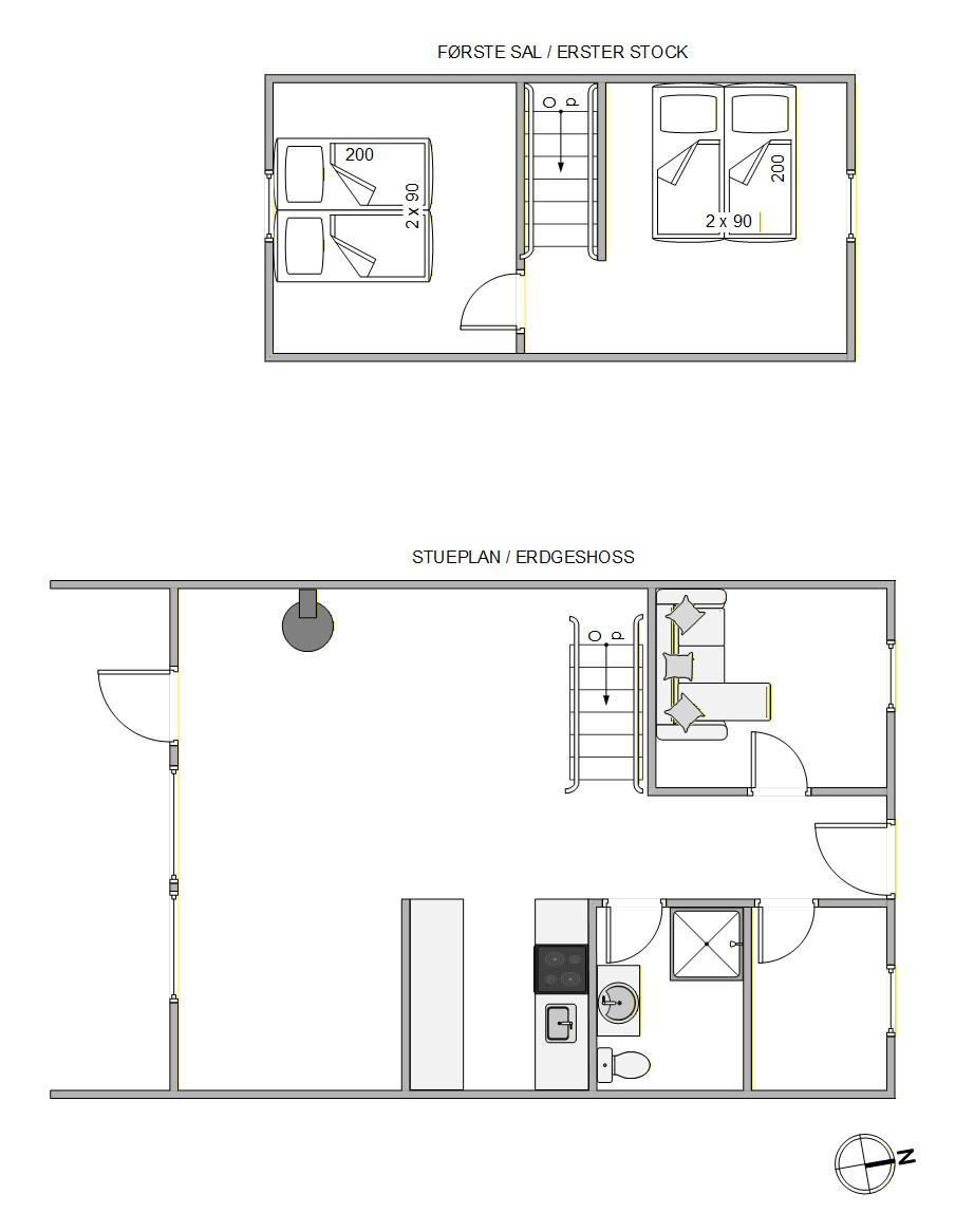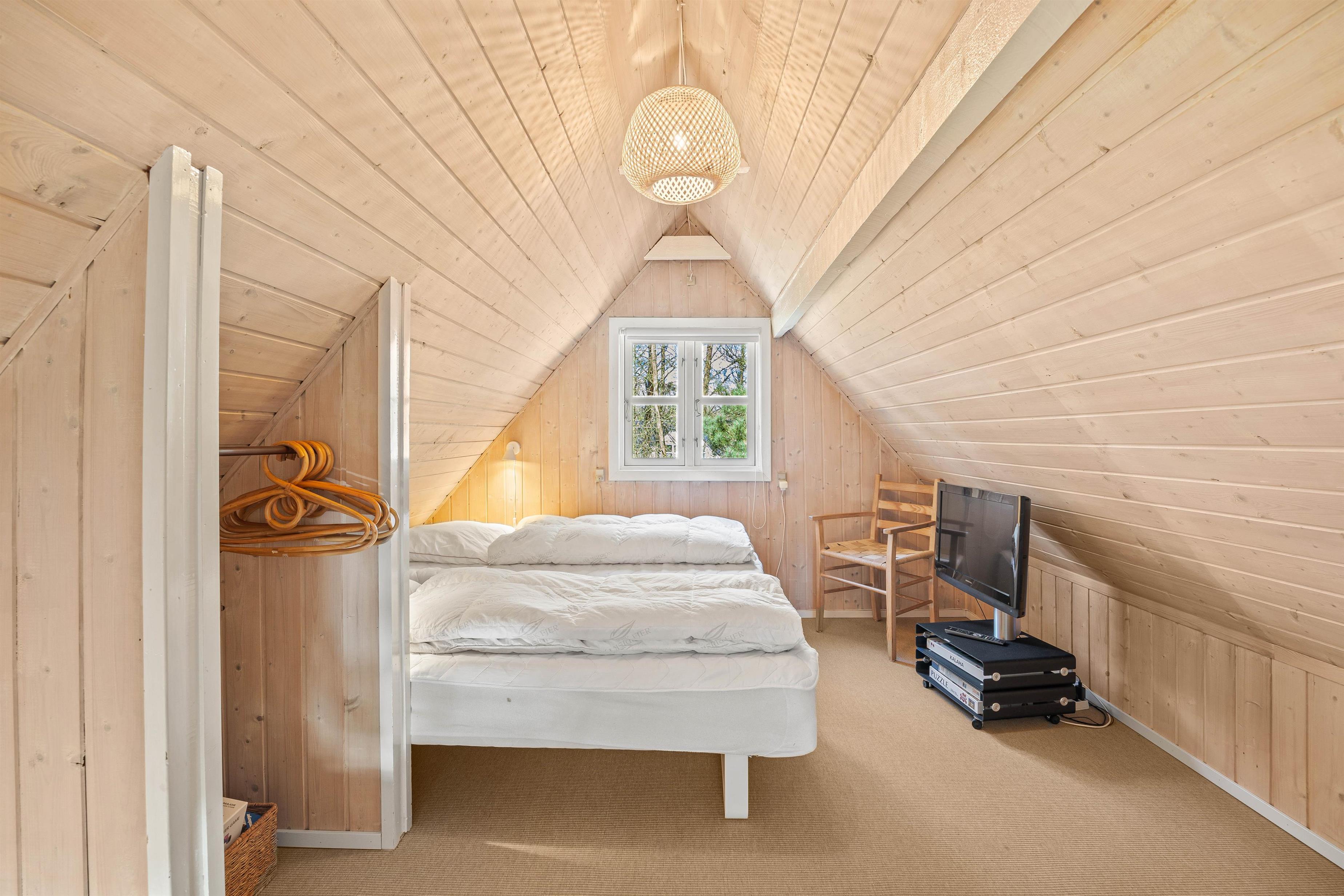 På stueetagen ligger ét af sommerhusets tre soveværelser, hvor der venter jer en komfortabel sovesofa. De to øvrige soveværelser befinder sig på første sal og er begge indrettet med dobbeltsenge. Ferieboligen fuldendes af et lyst og pænt badeværelse, der sikrer bekvemmelighed og komfort under hele opholdet.
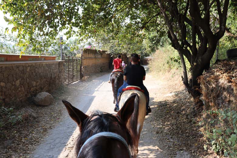 Durante una hora y cuarto de cabalgata, bordearemos las faldas de las montañas y disfrutaremos de la tranquilidad que emana este Pueblo Mágico al sur de Ciudad de México. Sin duda, será el momento perfecto para desconectar, respirar aire puro y contemplar el paisaje desde una perspectiva privilegiada.
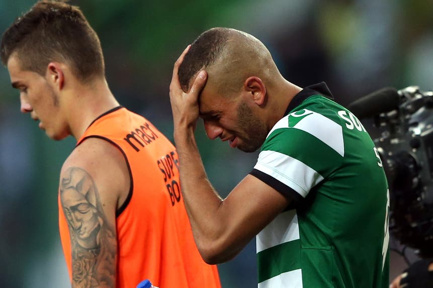O avançado argelino, que é dado pela imprensa como alvo do Leicester, campeão inglês, acenou aos adeptos 'leoninos' e não evitou as lágrimas quando recolhia aos balneários, depois de ter marcado um dos golos do triunfo que colocou o Sporting isolado no comando da I Liga.
_ _ _
** Problem to work on **
Everything in the listing should be repeated exactly except the pictures.

** Expected output **
 På stueetagen ligger ét af sommerhusets tre soveværelser, hvor der venter jer en komfortabel sovesofa. De to øvrige soveværelser befinder sig på første sal og er begge indrettet med dobbeltsenge. Ferieboligen fuldendes af et lyst og pænt badeværelse, der sikrer bekvemmelighed og komfort under hele opholdet.
 Durante una hora y cuarto de cabalgata, bordearemos las faldas de las montañas y disfrutaremos de la tranquilidad que emana este Pueblo Mágico al sur de Ciudad de México. Sin duda, será el momento perfecto para desconectar, respirar aire puro y contemplar el paisaje desde una perspectiva privilegiada.
O avançado argelino, que é dado pela imprensa como alvo do Leicester, campeão inglês, acenou aos adeptos 'leoninos' e não evitou as lágrimas quando recolhia aos balneários, depois de ter marcado um dos golos do triunfo que colocou o Sporting isolado no comando da I Liga.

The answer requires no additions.